A colecção de arte que foi do Banco Português de Negócios (BPN) e que incluiu um fundo constituído por 85 obras do pintor surrealista Joan Miró - um dos nomes maiores da História da Arte Ocidental - passou, finalmente, para a propriedade do Estado após concluído o processo de privatização do BPN, sendo actualmente, portanto, património público de todos os portugueses.

"Activos extravagantes", assim se referia Miguel Cadilhe à colecção de arte do banco a que presidiu no final de 2008, activos que pretendia transformar em "dinheiro fresco", tal como fez saber em entrevistas dadas à comunicação social. Mas o problema era, na altura e até muito recentemente, a efectiva titularidade/propriedade das obras de arte.
 
Só em novembro de 2011, com a venda do BPN ao Banco BIC, se determinou finalmente quais os activos que transitariam para a posse do Estado. E mesmo assim, o complicado processo de identificação dos bens, das imparidades, das dívidas, bem como da definição do que pertencia ao Grupo SLN/Galilei ou ao Grupo BPN, e ainda do apuramento da titularidade de 104 sociedades offshores dentro do perímetro do BPN, todas estas questões arrastaram o assunto da propriedade jurídica da coleção de arte até ao início de 2013.

Em março de 2012 dá-se a última transação de activos para as empresas públicas criadas para absorver os chamados "activos tóxicos" do BPN, entre elas a Parvalorem, que recebeu 17 quadros de Miró. As remanescentes 68 obras de Miró, registadas como propriedade de 4 offshores pertencentes à Marazion detida pela Galilei/SLN, passaram finalmente para o Estado em dezembro de 2012, após demoradas negociações.

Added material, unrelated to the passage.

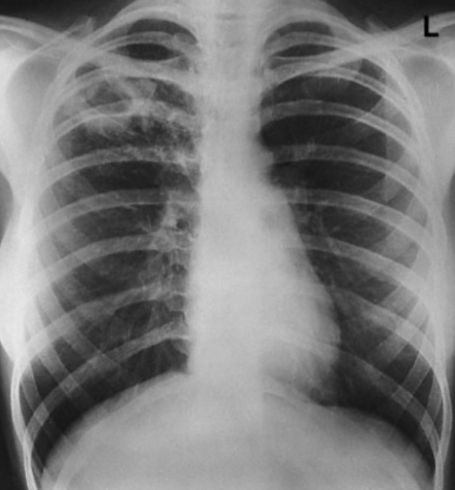 UPPER lobe infiltrate + hemoptysis/weight loss = reactivation TB Key in history: AFTER a patient was treated w/ infliximab (or other TNF-a inhibitors: etanercept, adalimumab, certolizumab bc it blocks granuloma structure) **This is ALMOST always in a patient tx for rheum dz

Conclusão, a única herança positiva de todo este inclassificável dossier BPN - do qual o mínimo que se pode dizer é que o erário público acabou a custear os lucros privados de uns quantos cidadãos pertencentes ao inner circle de um certo poder - o único benefício dizia eu, foi ter caído do céu, nos braços do Estado, uma colecção de 85 obras de Joan Miró, algo que Portugal nunca imaginou algum dia poder almejar.

E que faz o Estado? Congratula-se com esta colecção e junta-a ao espólio dos museus portugueses, como o Museu do Chiado ou o Museu do Surrealismo em Famalicão? Transforma-a numa atracção turística de qualidade que nos aproxima de Nova Iorque, Paris, Madrid ou Barcelona com a oferta privilegiada de obras de Miró que ajudarão investigadores, curiosos, turistas, especialistas e público anónimo a compreender os caminhos da arte no século XX? Não. Decide vender em leilão internacional, antes sequer de mandatar a Direcção do Património Cultural para a inventariar e avaliar, e sem nunca a mostrar ao público português, num processo inédito de total opacidade que roça a clandestinidade deliberada.

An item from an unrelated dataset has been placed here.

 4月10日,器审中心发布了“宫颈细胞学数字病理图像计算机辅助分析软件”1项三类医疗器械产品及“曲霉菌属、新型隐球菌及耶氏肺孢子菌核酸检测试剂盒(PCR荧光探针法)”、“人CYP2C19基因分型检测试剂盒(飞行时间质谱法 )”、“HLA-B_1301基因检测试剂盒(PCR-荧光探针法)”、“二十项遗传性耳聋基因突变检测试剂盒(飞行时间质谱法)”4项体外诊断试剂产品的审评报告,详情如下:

Em Portugal não existe nenhum acervo de Miró ou de outro pintor deste período com magnitude e grandeza que se lhe compare, quer em valor artístico, quer em valor patrimonial. Infelizmente, da sua dupla dimensão material e imaterial, o governo apenas lhe reconhece o valor patrimonial, ignorando por completo o seu maior valor - aquele que perdura para além dos "mercados" e que continuará a perdurar muito depois de se ter apagado da memória e da História o rasto da passagem destes governantes (e dos seus ajudantes) pelo nosso triste país.

Se Portugal vender a colecção, será aberto um precedente nunca antes visto: obras de arte, públicas, serão vendidas por decisão de contabilistas tecnocratas, sem que tenha havido qualquer avaliação técnica e artística sobre o valor cultural que representam para o País! Nem em Detroit, cidade em bancarrota, as intenções do gestor da dívida pública de vender parte da coleção do Detroit Institute of Arts Museum foram bem-sucedidas - o procurador-geral do Estado do Michigan, Bill Schuette, proibiu a sua venda e o Senado começou a preparar legislação que dará garantias jurídicas a esta decisão.

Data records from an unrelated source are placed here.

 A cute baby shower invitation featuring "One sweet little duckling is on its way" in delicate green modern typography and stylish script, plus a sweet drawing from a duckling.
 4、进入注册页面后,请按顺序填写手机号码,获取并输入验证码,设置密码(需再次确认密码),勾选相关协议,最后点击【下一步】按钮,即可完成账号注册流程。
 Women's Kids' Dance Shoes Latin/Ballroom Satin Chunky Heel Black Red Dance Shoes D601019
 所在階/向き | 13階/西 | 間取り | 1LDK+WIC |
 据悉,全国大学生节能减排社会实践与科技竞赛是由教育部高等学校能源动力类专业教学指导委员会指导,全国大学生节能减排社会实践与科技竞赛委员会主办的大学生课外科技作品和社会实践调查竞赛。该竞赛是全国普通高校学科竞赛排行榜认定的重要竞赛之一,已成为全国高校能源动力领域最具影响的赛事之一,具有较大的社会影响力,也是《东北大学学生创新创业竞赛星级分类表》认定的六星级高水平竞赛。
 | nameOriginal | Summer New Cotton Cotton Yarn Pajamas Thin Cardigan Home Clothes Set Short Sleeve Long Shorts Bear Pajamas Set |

Por cá, o secretário de Estado da Cultura exibe a sua irrelevância confirmando a falta de prioridade das artes neste governo e o primeiro-ministro, junto com o ex-administrador da Tecnoforma, actual presidente da Parvalorem, esquecem-se que, enquanto gestores da coisa pública, são meros "governantes de turno", não são donos, são apenas cuidadores temporários de algo que é dos portugueses de hoje e que deveria continuar a ser dos portugueses de amanhã.